Wednesday, June 24, 2009

More Hippie Etymology, Part II

While looking on Google News, I found this 1964 article from the Time magazine online archive that I believe is the first Time magazine article to use the word "hippies." The use of "hippies" in 1964 is interesting on its own, but it's not as interesting as the story in the article. It describes a young man named William G. Alpert who testified in the trial of 19-year-old Michael Smith for negligent homicide for killing Nancy Hitchings in a car accident in suburban Darien, Connecticut. According to the article,
He himself did not drink, said Alpert, airily explaining: "I have no need to dull my senses."

Not with alcohol. Last week Alpert was arrested for the possession of narcotics. When Norwalk police stopped his blue 1958 Volkswagen, they found 1½ oz. of marijuana hidden where the batteries should be in a 3-in. flashlight in the glove compartment.

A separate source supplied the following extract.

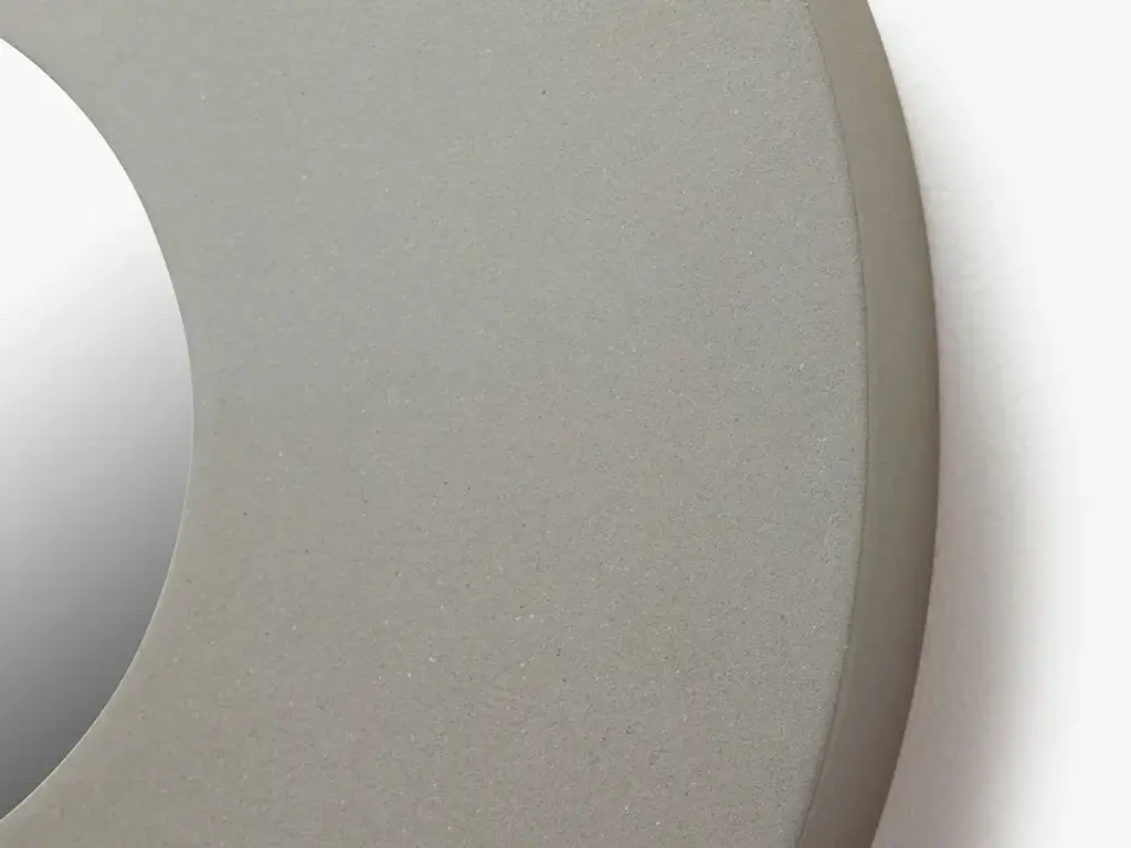 Narcisse is a round concrete wall mirror in concrete.The 'n°1 Narcisse' mirror is made of cemboard. Known as a wall construction material, it offers a clean concrete look. The thin frame and larger glass create a contemporary look, making the Narcisse mirror a perfect addition to any modern interior.When setting up her second studio in Brussels, Anita Le Grelle decided not to use a boring spot-lamp above her desk. Instead, she took a random collection of bowls and pots from her Terres de rêves tableware collection, punched holes in them, stacked them, and added a lamp. She expanded this idea further and so 3 unique pendant lamps were born. In addition, Le Grelle also created wall lamps in stoneware made from different strips of clay.

And in his pocket was a tin tobacco box containing several marijuana cigarettes.

Alpert, according to the police, admitted that he had been using marijuana for about a year, and that he also kept his senses spinning by sniffing model-airplane glue and eating "goofballs" (barbiturates) and hallucinogenic peyote.

In the article, Alpert is described as part of "a fast set of hard-shell hippies ... who seem utterly glamorous to more sheltered types."